The shareholders of the Nigerian Exchange Group will be earning N1.5bn dividends.
In a statement on the results signed by the Head of Marketing & Corporate Communications, Clifford Akpolo, on Monday, the group declared N5.2bn as profit after tax.
The group’s full-year audited financial statements revealed a 57.4 per cent rise in gross earnings to N11.8bn from N7.5bn in FY 2022.
This growth was attributed to performances in core revenue and other income segments.
Transaction fees rose by 52.6 per cent, driven by increased trading activities, while listing fees and rental income increased by 42.2 per cent and 41.8 per cent, respectively.
Strategic investments also contributed to a 5.4 per cent boost in treasury investment income.
Other income, representing 29.7 per cent of gross earnings, went up by 163.6 per cent N3.504bn.
Key contributors to the surge were market data income, which increased by 44.1 per cent, and a 304.8 per cent rise in other operating income.
The board of the NGX Group proposed a final dividend of N1.5bn at 75 Kobo per share for the year ended December 2023.

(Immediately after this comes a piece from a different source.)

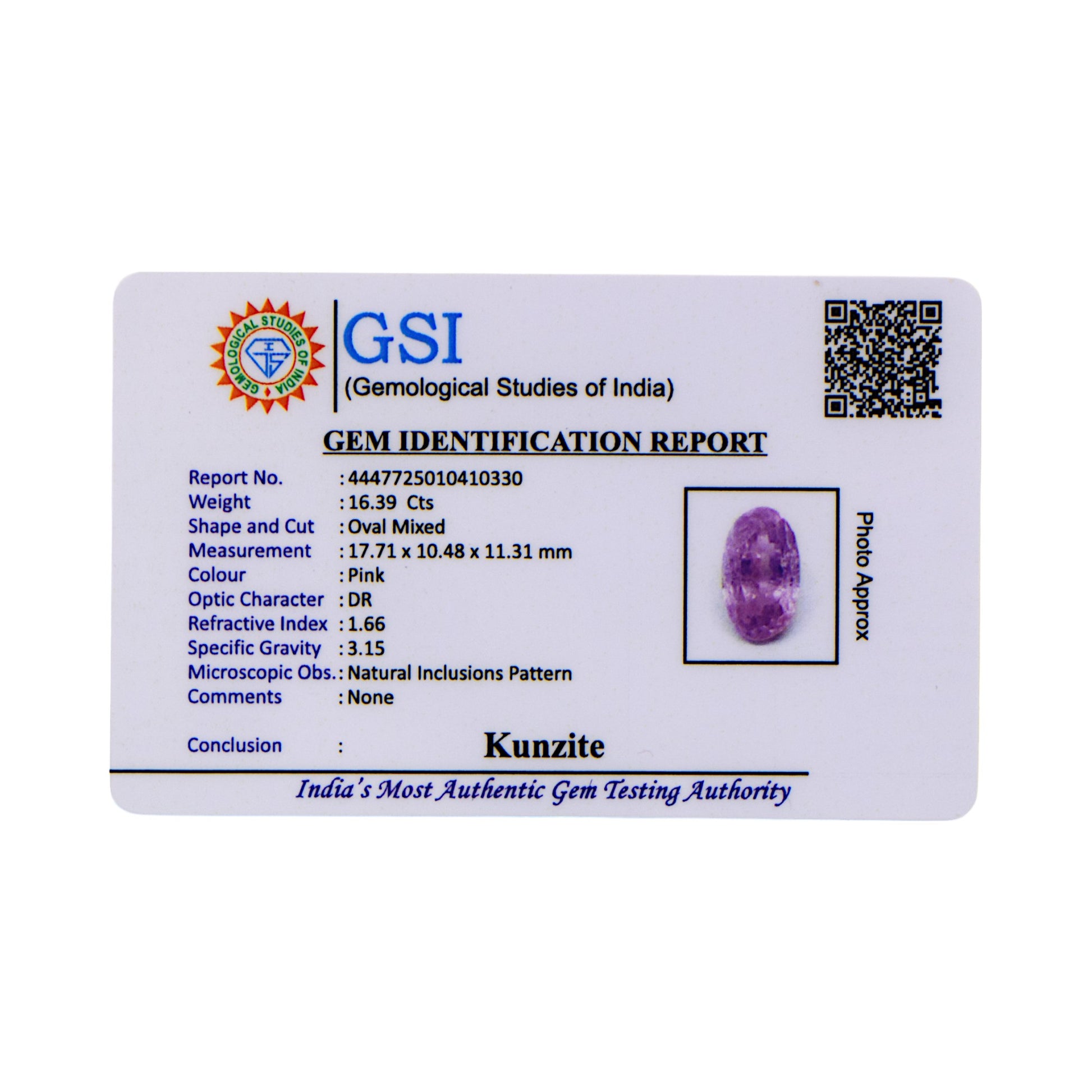 Certification: GSI Certified for Authenticity

This was in addition to an interim dividend of N495.53m at 25 Kobo per share paid in August 2023, bringing the total dividend for 2023 to N1 per share.

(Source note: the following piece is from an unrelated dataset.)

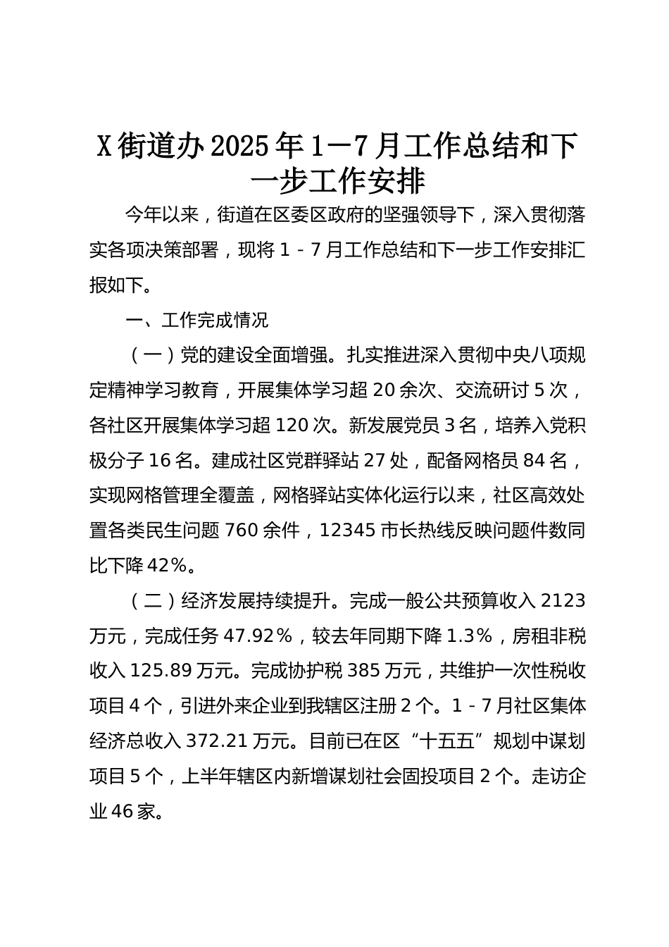 X街道辦2025年1-7月工作總結(jié)和下一步工作安排

Commenting on the dividend, the Group Chairman of NGX Group, Dr Umaru Kwairanga, said, “Today’s announcement of both the financial results and dividend pay-out is a testament to NGX Group’s unwavering commitment to maximising shareholder value and the resilience of our financial position.”

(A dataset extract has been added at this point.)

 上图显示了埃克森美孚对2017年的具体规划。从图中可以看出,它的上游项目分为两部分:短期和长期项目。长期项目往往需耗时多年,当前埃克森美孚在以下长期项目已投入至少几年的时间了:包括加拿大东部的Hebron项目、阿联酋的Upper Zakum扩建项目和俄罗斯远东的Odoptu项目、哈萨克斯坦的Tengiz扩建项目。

We are elated to reward our shareholders, and this underscores our confidence in the sustainable growth of the Company. I would like to reassure all stakeholders that the Board and Management are focused on positioning NGX Group as the premier financial market infrastructure in Africa.”
The Group Chief Executive Officer of NGX Group, Mr Temi Popoola, expressed satisfaction with the company’s operational performance.
“I am pleased with the significant improvement in NGX Group’s operational performance. We have witnessed notable increases in transaction and listing fees, as well as in rental and treasury investment income.
“Our strategic focus on technology income and other streams, along with strong capital allocation, has led to a notable increase in return on equity to 13.8 per cent. NGX Group is poised to continue its trajectory of growth, innovation, and value creation for its stakeholders in the upcoming fiscal year,” he stated.
The NGX has recorded a 68 per cent decline in its 2022 profit after tax.